• **WORK REQUEST**
Your copy should hold the lines below from the first through the one that contains "Fachada de la ampliación del Senado.", each retyped exactly, and no pictures.

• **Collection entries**
• • • • •
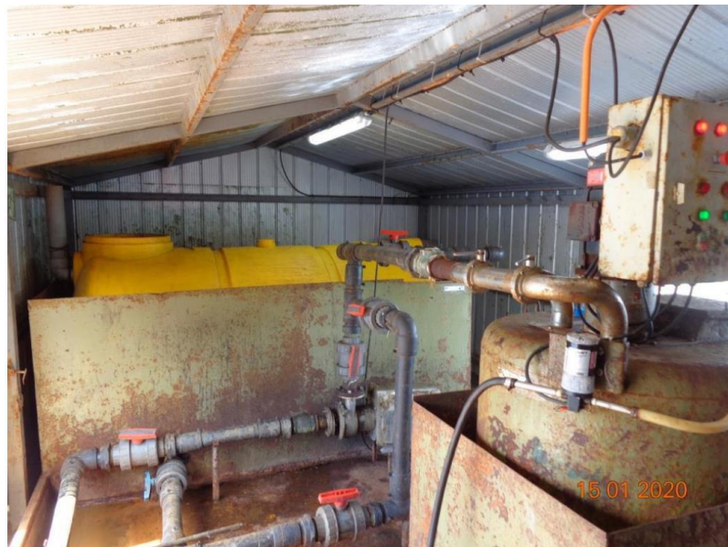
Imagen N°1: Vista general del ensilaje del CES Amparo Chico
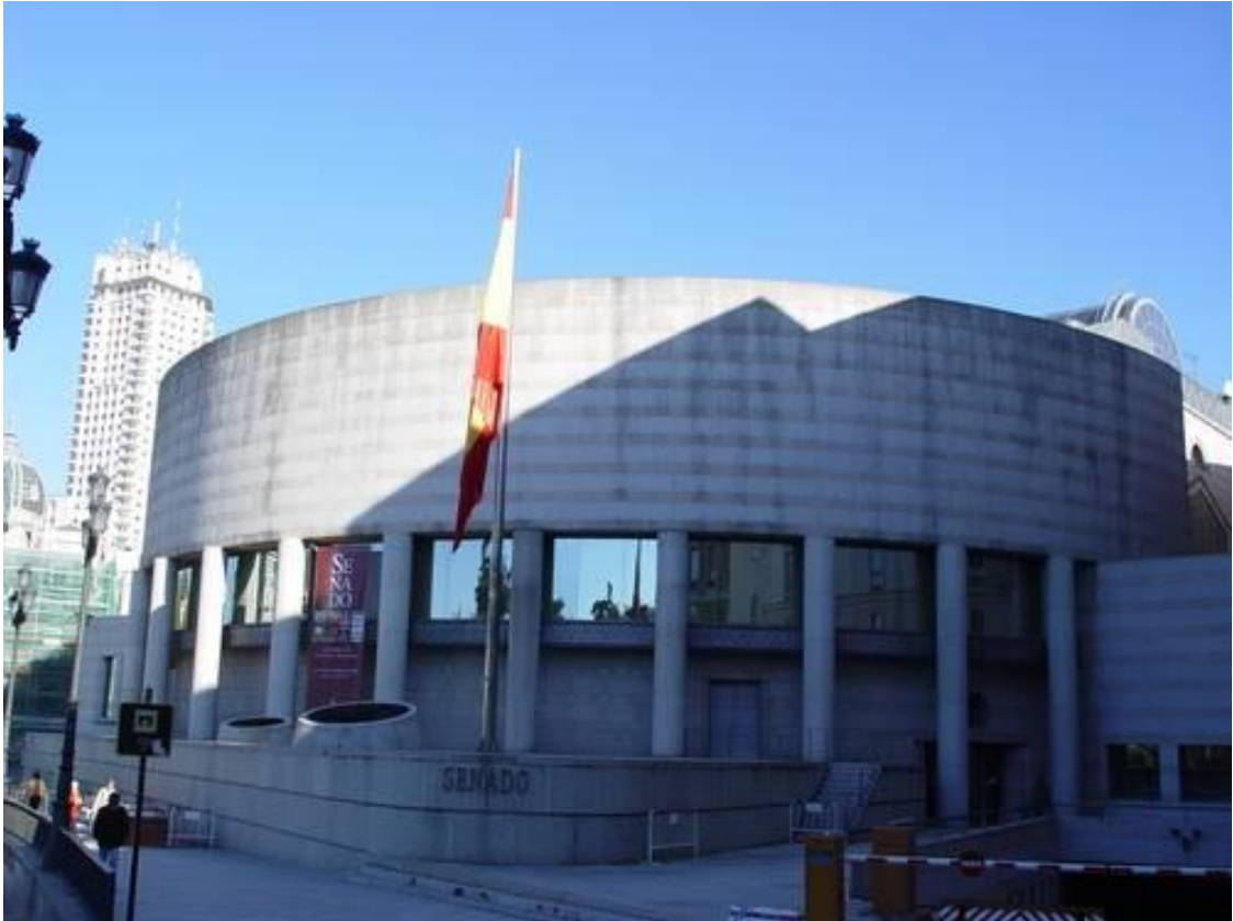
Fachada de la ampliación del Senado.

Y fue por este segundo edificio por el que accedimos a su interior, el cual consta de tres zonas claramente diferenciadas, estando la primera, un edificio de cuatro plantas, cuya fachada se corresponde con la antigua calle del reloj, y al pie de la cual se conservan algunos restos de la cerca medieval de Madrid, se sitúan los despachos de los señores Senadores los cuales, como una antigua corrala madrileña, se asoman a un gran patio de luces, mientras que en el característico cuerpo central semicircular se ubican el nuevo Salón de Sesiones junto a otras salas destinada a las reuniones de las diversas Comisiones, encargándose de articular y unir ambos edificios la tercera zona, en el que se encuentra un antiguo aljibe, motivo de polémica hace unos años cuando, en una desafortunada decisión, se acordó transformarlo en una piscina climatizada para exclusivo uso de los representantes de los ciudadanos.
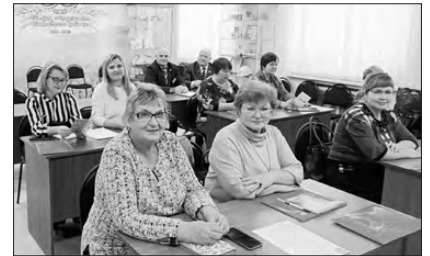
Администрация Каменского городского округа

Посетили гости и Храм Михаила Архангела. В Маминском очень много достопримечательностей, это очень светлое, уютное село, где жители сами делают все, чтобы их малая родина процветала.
• • • • •
• **SOLUTION TO THIS EXERCISE**
Imagen N°1: Vista general del ensilaje del CES Amparo Chico
Fachada de la ampliación del Senado.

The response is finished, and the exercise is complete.